#### RECORDS FOR PROCESSING ####
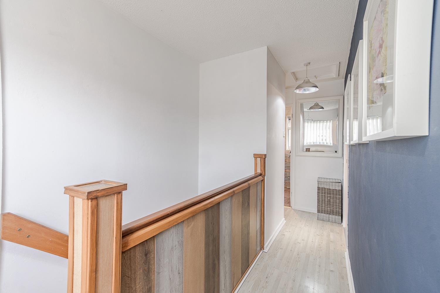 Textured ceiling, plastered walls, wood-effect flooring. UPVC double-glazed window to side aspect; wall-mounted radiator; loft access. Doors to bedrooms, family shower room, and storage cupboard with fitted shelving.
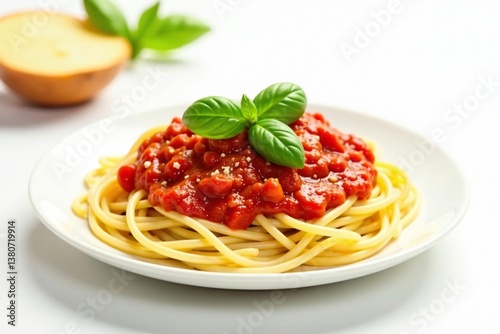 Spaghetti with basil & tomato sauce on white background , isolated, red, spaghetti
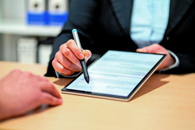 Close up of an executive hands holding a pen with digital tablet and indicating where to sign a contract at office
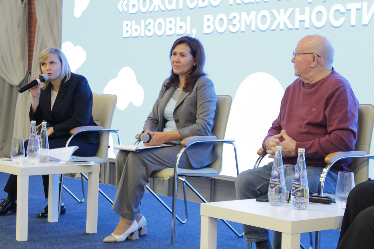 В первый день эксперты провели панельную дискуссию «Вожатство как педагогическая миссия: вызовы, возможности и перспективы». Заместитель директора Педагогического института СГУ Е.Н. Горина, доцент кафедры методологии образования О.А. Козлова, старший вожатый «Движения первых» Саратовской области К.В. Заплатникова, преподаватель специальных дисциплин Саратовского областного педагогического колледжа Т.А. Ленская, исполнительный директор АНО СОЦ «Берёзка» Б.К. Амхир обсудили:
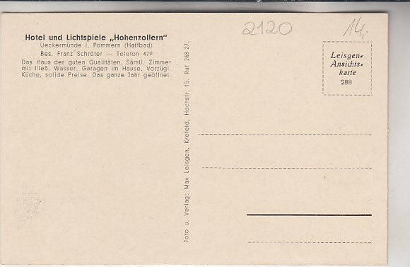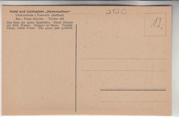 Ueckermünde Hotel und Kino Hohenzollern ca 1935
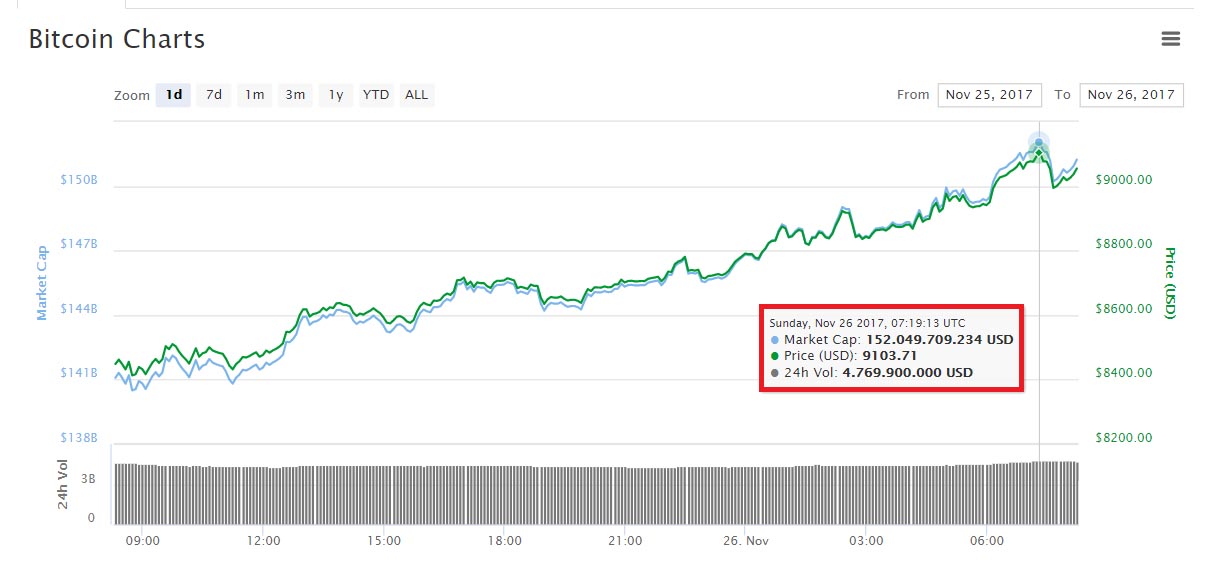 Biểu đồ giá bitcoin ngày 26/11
####
*WORK INSTRUCTIONS:* Your reply should consist solely of the lines above, from the opening line through the line with "В первый день", reproduced exactly and without pictures.

*OUTPUT OF THE TASK:*
 Textured ceiling, plastered walls, wood-effect flooring. UPVC double-glazed window to side aspect; wall-mounted radiator; loft access. Doors to bedrooms, family shower room, and storage cupboard with fitted shelving.
 Spaghetti with basil & tomato sauce on white background , isolated, red, spaghetti
 Close up of an executive hands holding a pen with digital tablet and indicating where to sign a contract at office
 В первый день эксперты провели панельную дискуссию «Вожатство как педагогическая миссия: вызовы, возможности и перспективы». Заместитель директора Педагогического института СГУ Е.Н. Горина, доцент кафедры методологии образования О.А. Козлова, старший вожатый «Движения первых» Саратовской области К.В. Заплатникова, преподаватель специальных дисциплин Саратовского областного педагогического колледжа Т.А. Ленская, исполнительный директор АНО СОЦ «Берёзка» Б.К. Амхир обсудили:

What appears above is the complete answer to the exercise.